Originally Posted: July 11, 2016

President Barack Obama, consoler-in-chief.

The title rang through in the raw emotion he showed after the Sandy Hook shooting. Again when he cheered on a city after the Boston bombings for showing the country how to “finish the race.” Yet again when he leaned on Scripture to comfort in the wake of the West explosion.

And at a memorial service Tuesday in Dallas for the police shooting victims, Obama will reprise the all-too-familiar role of guiding the nation through troubled and uncertain times.

Though he’s a veteran of such mourning, Obama faces no less difficult of a challenge. He must speak directly to those affected by profound loss — in Dallas and beyond — in the midst of lingering questions over the polarizing issues of gun violence and race relations.

Aides on Monday declined to preview the precise message Obama will bring to Dallas. That’s even as White House Press Secretary Josh Earnest stressed concerns about racial disparities in policing and repeated Obama’s frustration that he’s been unable to curb access to guns.

But given the gravity of the Dallas attack — which the president described Monday as a “hate crime” in a meeting with police-association officials, Politico reported — political experts and elected officials predicted that Obama would focus first and foremost on grieving and unity.
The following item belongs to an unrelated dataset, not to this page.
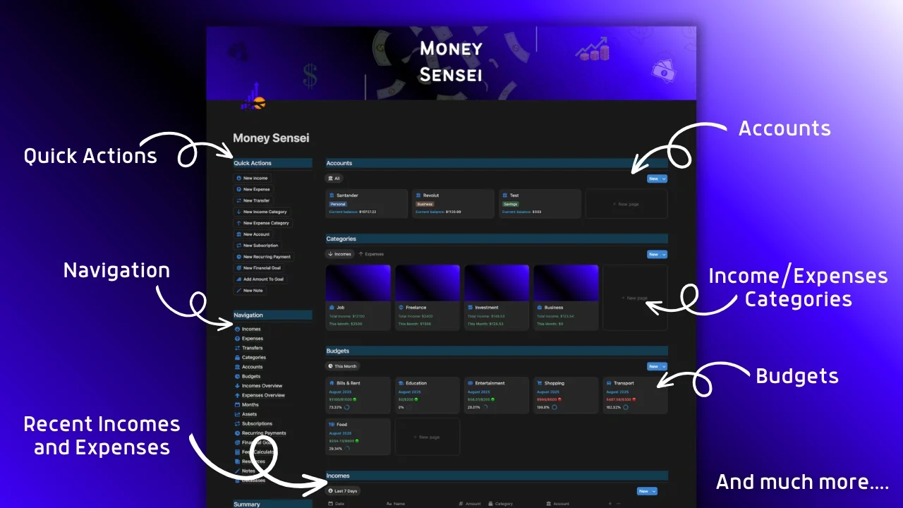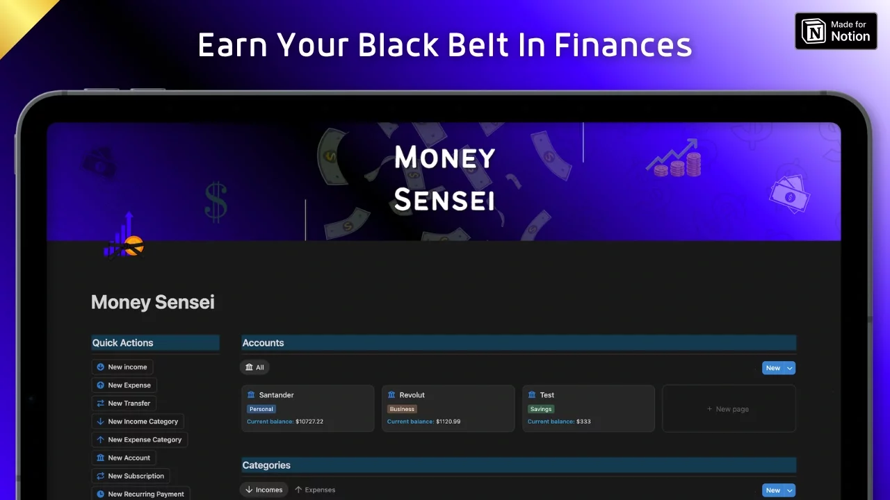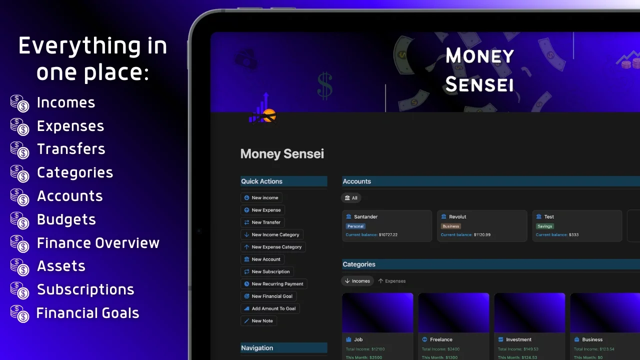 🔹 Money Sensei Notion template where you can organize and track your incomes, expenses, transfers, categories, accounts, budgets, overviews, monthly balance, assets, subscriptions, recurring payments, financial goals, resources and notes and store everything in one place

“It’s important for a president to speak to the better angels of our nation,” said Karen Hughes, a longtime adviser to former President George W. Bush. “To bring us together. To give voice to our grief. To give thanks to those who gave the ultimate sacrifice.”

Obama comes to Dallas at the invitation of Mayor Mike Rawlings, who has spearheaded the city’s response after a gunman last week ambushed five police officers at a downtown march.

The president will speak at an interfaith ceremony Tuesday afternoon at the Morton H. Meyerson Symphony Center to an audience of elected officials and law enforcement – including officers from Dallas police and DART police. He will also meet with the injured and the families of the slain.

It’s a gut-wrenching act that Obama went through just last month after the Orlando shooting. And signaling the poignancy of these moments, Obama has often turned to the Bible: 2 Corinthians 4:16 in Newtown, Conn.; Hebrews 12:1 in Boston;Psalm 66:10 in West.

The burden is also an inherent element of the presidency — one that’s come even more into the public view in the cable TV news era, experts said.

Obama won’t need to look far Tuesday for reminders of that fact, given that he will be joined by Bush, his Republican predecessor. The former president — a Dallas resident who will give brief remarks — was thrust into similar scenarios after 9/11 and other difficult times.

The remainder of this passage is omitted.